Sometimes this journey just feels so surreal. Sometimes I think I am dreaming.

This journey has been in the Hands of God since before it was even a thought in my head.

So often, I wonder ... why can't every other area of my life be in such submission and surrender to God's will like this one? So often I try to take the reins of life and try to steer and dictate the course or the outcome.

So often I find myself struggling with a broken heart or weeping because I feel I just can't move forward.


How come I can't be content? How come I can't see the bigger picture? How come I can't "Let go, and let God?" Why must I have the upperhand and why must I know the outcome before taking any action?

This journey has taught me so much just in the past few months. When I first embarked on this journey, I sent a dear friend a text message along the lines of "I feel I am right on the edge of something beautiful and something nerve-wracking. Like I am on the edge of the water. It is scary, but is is so peaceful! I want to feel like this all the time! I want God to direct my life as clearly as He is this part!"

Why is it that I so often forget that when I do let God takes the reigns, peace immediately follows? He wants to so much direct every area of my life. Why do I think too often that I can be my own strength and my own protector? His plan and His will is far superior than I could ever possibly think up.  

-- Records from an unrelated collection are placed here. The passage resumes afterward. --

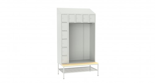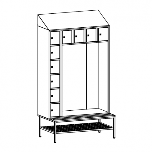 Otvorená šatňová skriňa s lavičkou s drevenými doskami a 10 priehradkami. V hornej časti skrine je polica na odkladanie vecí. Pod policou je tyč na vešiaky. Pod lavičkou sa nachádza rošt na topánky. Celková hĺbka skrine vrátane lavičky je 745 mm.
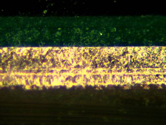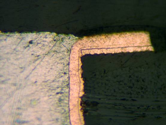 PCB板在檢測(cè)過程中一般需檢測(cè)的是鍍銅層,綠油層以及玻纖等,在這過程中鍍銅層及玻纖可以使用明場(chǎng)觀察,而綠油層卻需要使用暗場(chǎng)觀察。應(yīng)深圳某公司的要求,我司為其推薦了MJ33+MC50-N。
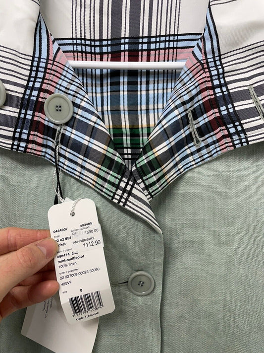 Akris Punto Womens 8 Reversible Linen Jacket Mint Green Plaid Blazer
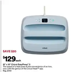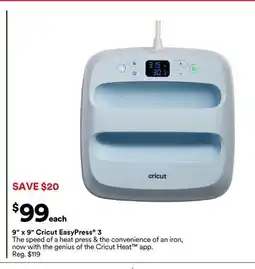 | 9" x 9" cricut easypress® 3 | Michaels | $129.00 | 21 September 2022 | 01 October 2022 |
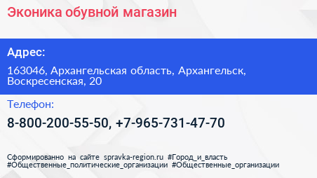 Эконика, обувной магазин по адресу 163046, Архангельская область, Архангельск, Воскресенская, 20 в дальнейшем Организация, размещена в следующих категориях:
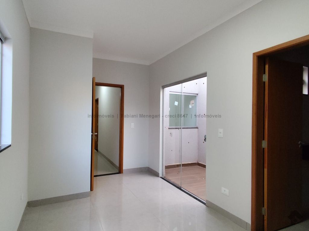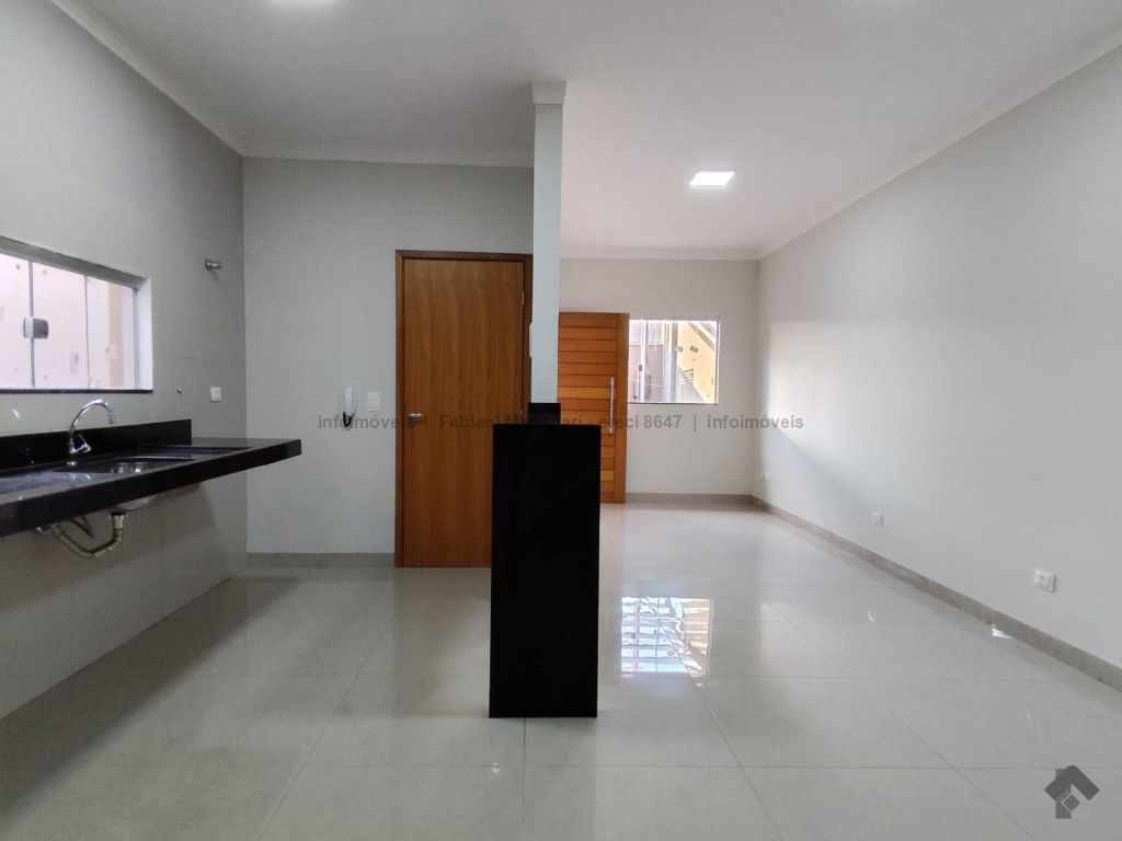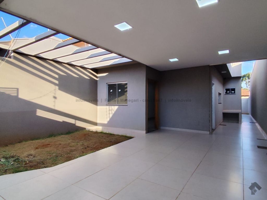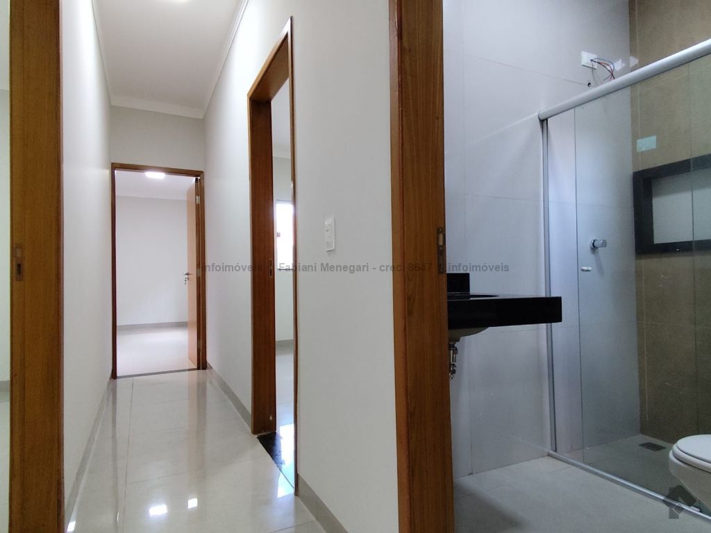 Vaga de garagem ampla e coberta, sala de estar, sala de jantar, cozinha, área de serviço coberta e reservada, banheiro social, uma suíte e dois dormitórios, corredor lateral amplo, sobra de quintal para implantação de varanda gourmet. Área total de 178 m² e construção de 99 m².

“For my thoughts are not your thoughts,
    neither are your ways my ways,”
declares the Lord. 
 “As the heavens are higher than the earth,
    so are my ways higher than your ways
    and my thoughts than your thoughts."
Isaiah 55:8-9

If it weren't for God, this journey from one to more would not even be possible. I have those moments when I find myself on my knees in a joyful thanksgiving with tears pouring down my face with the praise "Thank you, Lord, for not giving me what I wanted so desperately!"

I reflect on so many areas of my life. I just sit and shake my head. But I also lift my hands.

I needed those moments. I needed the tears. I needed the pain. It wasn't needed in the grand scheme of things, but I needed them to get to where I am. Those moments grew me. Those moments defined me. Those moments taught me and often remind(ed) me that I belong to my Heavenly Father.

One of the greatest things I have learned is that it is ok to be human. It is ok to make mistakes and learn from them. I have learned how much my Father loves me. I have learned to trust Him and trust that His timing is far better than what I think I want. 

I am done trying to take control and dictate my own life. At least I am until the next time I try, only to be taken into my Abba's loving embrace and reminded that His ways are far better than my own ways.

The biggest theme the past many months has been "wait" which ultimately equals patience.

This is a season of growing, a season of planting, a season of waiting. My heart is open to the newness God has in store for me.

One of the first Bible passages I memorized was Psalm 51:10. "Create in me a pure heart, O God; and renew a steadfast spirit within me." I want a pure heart. I want all I do to spring forth from not only good intentions, but rather from Spirit breathed dreams and God-spoken promises. 

I want to walk with the Giants and conquer mighty things for God's kingdom!

I want to raise Giants. I want to inspire these children who may struggle with finding their place in this world, that there is a bigger picture. There is a reason to live, to hope and to dream.


We all have a purpose. We all have a calling. We are called to be world changes and called to share the Gospel and spread the Love of Christ everywhere we go. 


What does your calling look like? I know mine.